I went from an iPhone to a HTC Desire. No problems typing on the iPhone, had so much trouble with the desire despite the larger screen that I sold it for a Palm Pre 2, which has a physical keyboard. 

Next phone will probably be either a blackberry or another iPhone.


----------



## NickTB (Feb 4, 2007)

Well there you go. Swapped the Galaxy for a Torch 9800, and realised I had made the biggest mistake. The OS is slow, the web is ridiculous the screen resolution is poor, the camera is poor. In fact the only thing that redeems the Blackberry is it's form factor (Love the feel and shape of it) and the keyboard. Luckily the guy I swapped with let me keep the Galaxy and have a trial of the Blackberry, so I'm not without a phone. 

Looks like it's back to the drawing board looking for a the right phone for me!


----------



## Will-S (Jun 5, 2007)

I find the spacing between the keys on the iphone is just right for typing. I have an HTC Desire S and absolutely love it, but do feel the gaps between the keys are fractionally smaller than on the iphone.
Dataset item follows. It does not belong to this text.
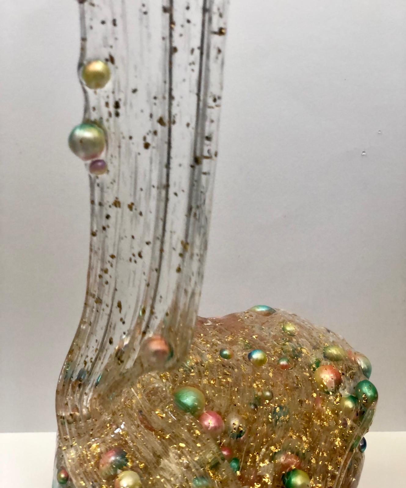 This slime features a thick, clear base with gorgeous pearls and gold glitter to resemble dragon's egg.

Having said that I have never experienced any problem with the HTC whilst typing. Predictive text is amazing and always picks the right word if I mis-type. If it doesn't I find it really easy to amend the word or select it from the alternatives it offers.


----------



## cobra (Feb 18, 2012)

i got an "apple" stylus from poundland for my smartphone - sorted


----------